Colon cancer has heretofore been considered a very heterogeneous disease [24, 25]. It has been difficult to identify a unifying biological theme that could be leveraged for therapeutic intervention. Previously identified prognostic signatures have required supervised learning to elucidate predictive gene sets. For the first time, our data suggest that the PC1 signature, discovered through unsupervised approaches, appears to be a native, intrinsic subtype classifier of colon cancer that predicts recurrence, advancing stage, and poor prognosis based on the biology of EMT. Finding the PC1 score was predictive of recurrence for both stages II and III of colon cancer, and its strong relationship to EMT biology, leads to the possibility that this signature might be useful in these stages for discerning responsiveness to adjuvant chemotherapy. Our data suggest the otherwise molecularly and pathologically heterogeneous disease may be resolved into two principal molecular subtypes of colon cancer: epithelial or mesenchymal.
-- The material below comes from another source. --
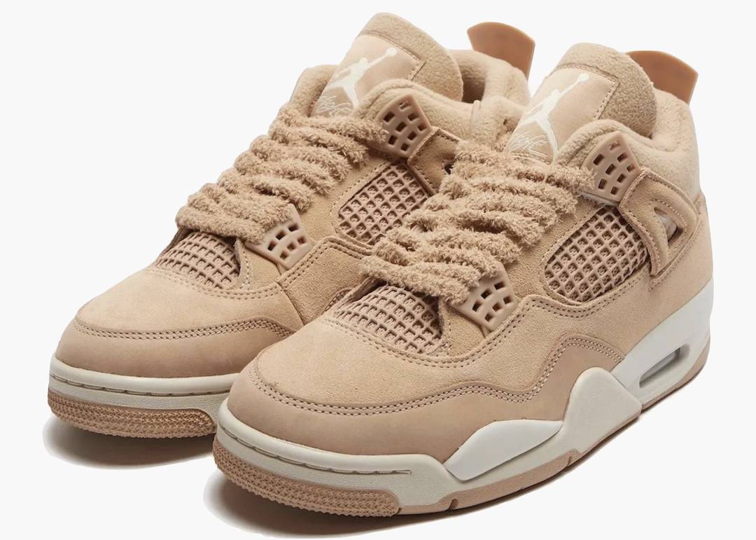 Le Jordan 4 Retro Cozy Girl sono dotate di una tomaia interamente in suede, con una combinazione di colori canapa e marrone chiaro Orewood. Il punto focale della scarpa sono i lacci shaggy ispirati al pile. La colorazione più sobria aggiunge versatilità alla scarpa, mentre la struttura più calda la rende un'opzione perfetta per l'inverno.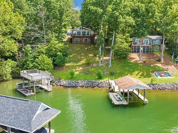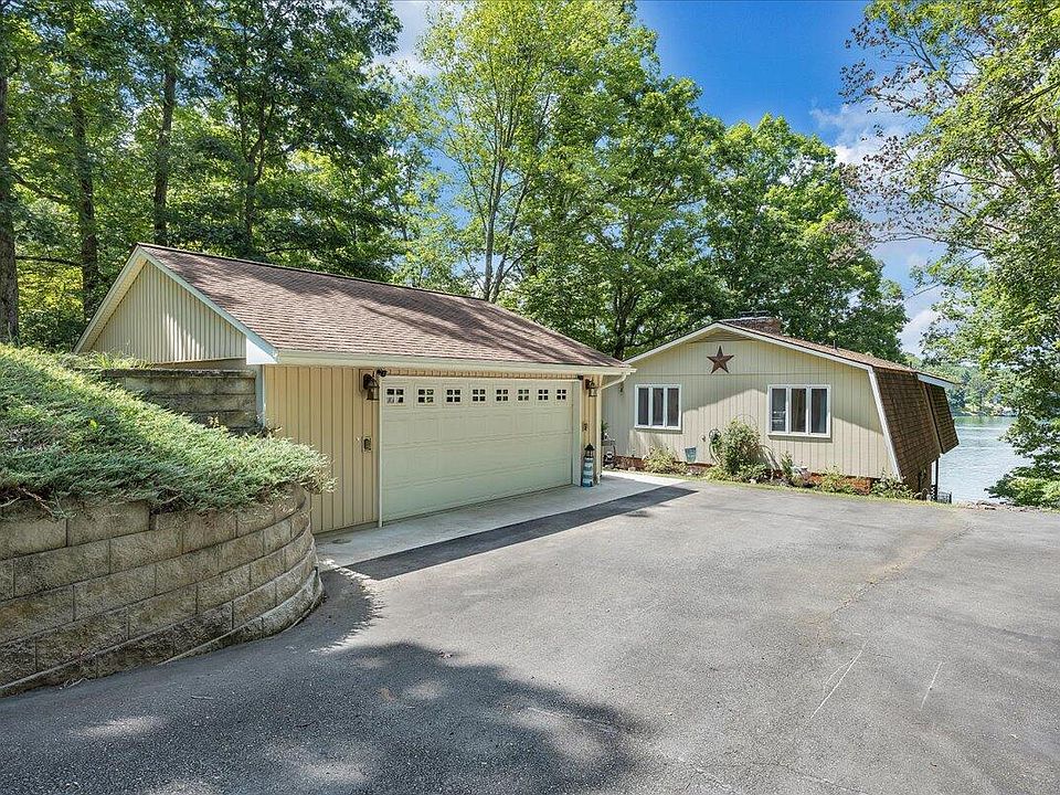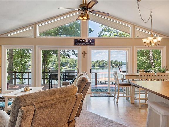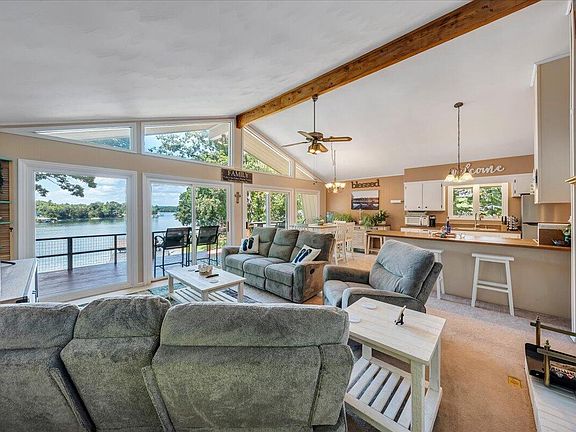 Welcome to your dream lakefront property!This charming home features a unique Dutch style roofline, woodburning fireplace and a spacious deck to enjoy your unobstructed view of lake.Immediately see the lake when you step inside to the open concept kitchen and living space. Lower level has kitchenette and brand new indestructible Epoxy flooring with a lifetime warranty.Enjoy the easy walk down to your dock which features a covered single lift, steps for getting into the water and a large floater.Park your vehicles in the large insulated 2 car garage and enjoy the lake access of the community dock. High speed internet available!

The identification of the intrinsic EMT program was further supported by additional molecular studies relating global microRNA profiling data to global gene expression datasets. From this analysis, the MiR 200 family and related MiRs were identified as highly negatively correlated with PC1. This finding was significant because the MiR 200 family has been closely linked to the EMT program. It has been previously demonstrated that MiR 200 over-expression may result in inhibition of ZEB1/2, which in turn leads to inhibition of transcriptional repressors of CDH1, thereby permitting the expression of CDH1 and expression of the epithelial phenotype [26, 27]. Thus, a negative correlation of MiR200 and the EMT signature promoting a mesenchymal phenotype is consistent. The relationship between MiR 200 and PC1 was strong enough to be detected on a relatively small number of tumors, even when non-mirror image FFPE tissues were used instead of the original frozen specimen, suggesting the EMT program is pervasive throughout the primary tumor. In addition, MiR 141, a MiR 200 family member, was also identified as negatively correlated with EMT, confirming previous observations. Finally, numerous additional MiRs have been identified that have not yet been previously reported to be linked to EMT.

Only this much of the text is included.